Caledonian Maritime Assets Limited (CMAL) has launched a public vote to help choose the names for two new ferries to serve the Little Minch routes.
CMAL, which owns the vessels, has produced two groups of names inspired by the landscape and history of Harris and North Uist. Voters can select one name from each group, and the two most popular names will be given to the sister vessels.
The shortlisted names are:
Eubhal — The highest hill on North Uist
Eilean Dorcha — A Gaelic name given to Benbecula, meaning Dark Island in English
Claymore — The word ‘claymore’ comes from the Gaelic Claidheamh Mòr, meaning ‘great sword’; a historical name previously given to iconic vessels
Orasay —A tidal island in South Uist and a bay in North Uist
Pioneer — A historical name previously given to iconic vessels, including one that served similar routes in the mid-1980s
Scotasay — A small island just off the East coast of Harris
Clisham — The highest mountain in the Outer Hebrides, located on North Harris
Lochmor — A historical name previously given to a vessel that served ports of the Little Minch
Kevin Hobbs, chief executive of CMAL, said:
“The two new vessels for the Little Minch routes will be a welcome addition to our fleet – however, they are currently nameless.
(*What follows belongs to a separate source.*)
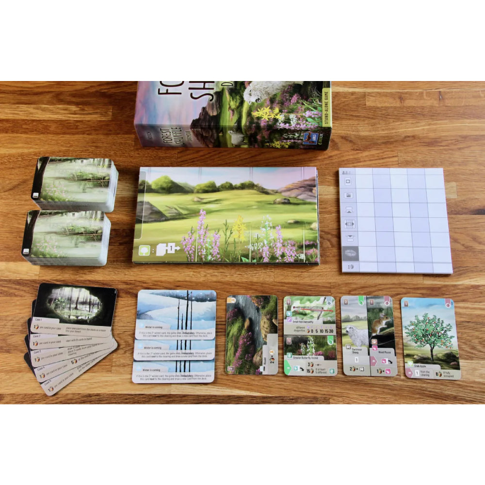 Forest Shuffle: Dartmoor este un joc de sine statator din familia Forest Shuffle si introduce un habitat complet nou, cu specii noi, abilitati si bonusuri noi de explorat. La fel ca in jocul Forest Shuffle original, in Forest Shuffle: Dartmoor jucatorii concureaza pentru a construi cel mai valoros mediu prin plasarea copacilor si arbustilor, apoi atragand specii in aceste locatii pentru a crea un habitat echilibrat ecologic pentru flora si fauna.

“We have compiled a strong list of names, each having a connection to the islands these ships will serve. I look forward to seeing which ones prove most popular amongst the public.”
Minister for Transport, Fiona Hyslop, said:
“It’s good to see the potential names for both Little Minch vessels all have strong connections to local landmarks and Scottish heritage.
“I would encourage people to cast their votes to ensure the new vessels have suitable titles for when they formally join the fleet serving the Clyde and Hebrides.”
Work on the ferries is progressing well at Cemre Shipyard in Turkey, with the steel cutting of the first Little Minch vessel having taken place in May 2023. Delivery of both vessels is expected towards the second half of 2025.
The ferries will be designed and built to the same specification as the two new vessels for Islay, MV Isle of Islay and MV Loch Indaal.
Both Little Minch vessels have a clear focus on optimising freight and passenger accommodation, with capacity for up to 450 passengers and 100 cars or 14 commercial vehicles. This will improve the overall resilience of the wider fleet.
The Little Minch vessels form part of a programme of investment by CMAL, funded through Scottish Government commitments to capital investments of around £700 million in ferry infrastructure and related services over the five years from 2021 to 2026. Wider plans will deliver other new small and major vessels for the fleet and upgrades of harbour infrastructure, with future options being considered through the emerging Islands Connectivity Plan.